**Task directions**
Find the line containing "Der Beistelltisch aus" in the entries below. Restate it and each line after it, word for word, up to and including the line containing "Zachód Słońca, Jezioro, Motorówka".

**Study material**
**********

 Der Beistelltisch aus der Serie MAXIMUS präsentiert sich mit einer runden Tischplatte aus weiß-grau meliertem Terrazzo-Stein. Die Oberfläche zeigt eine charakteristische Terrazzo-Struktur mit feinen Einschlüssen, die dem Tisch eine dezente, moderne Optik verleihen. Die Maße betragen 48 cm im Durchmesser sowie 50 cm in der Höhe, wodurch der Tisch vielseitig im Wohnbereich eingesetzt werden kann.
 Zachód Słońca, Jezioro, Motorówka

**********

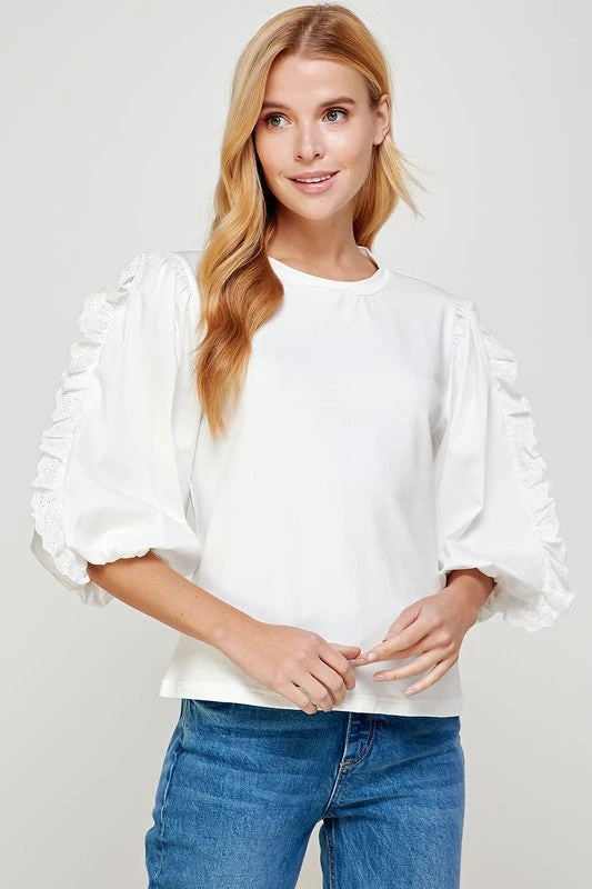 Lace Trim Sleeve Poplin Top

**********

**Result for this task**
 Der Beistelltisch aus der Serie MAXIMUS präsentiert sich mit einer runden Tischplatte aus weiß-grau meliertem Terrazzo-Stein. Die Oberfläche zeigt eine charakteristische Terrazzo-Struktur mit feinen Einschlüssen, die dem Tisch eine dezente, moderne Optik verleihen. Die Maße betragen 48 cm im Durchmesser sowie 50 cm in der Höhe, wodurch der Tisch vielseitig im Wohnbereich eingesetzt werden kann.
 Zachód Słońca, Jezioro, Motorówka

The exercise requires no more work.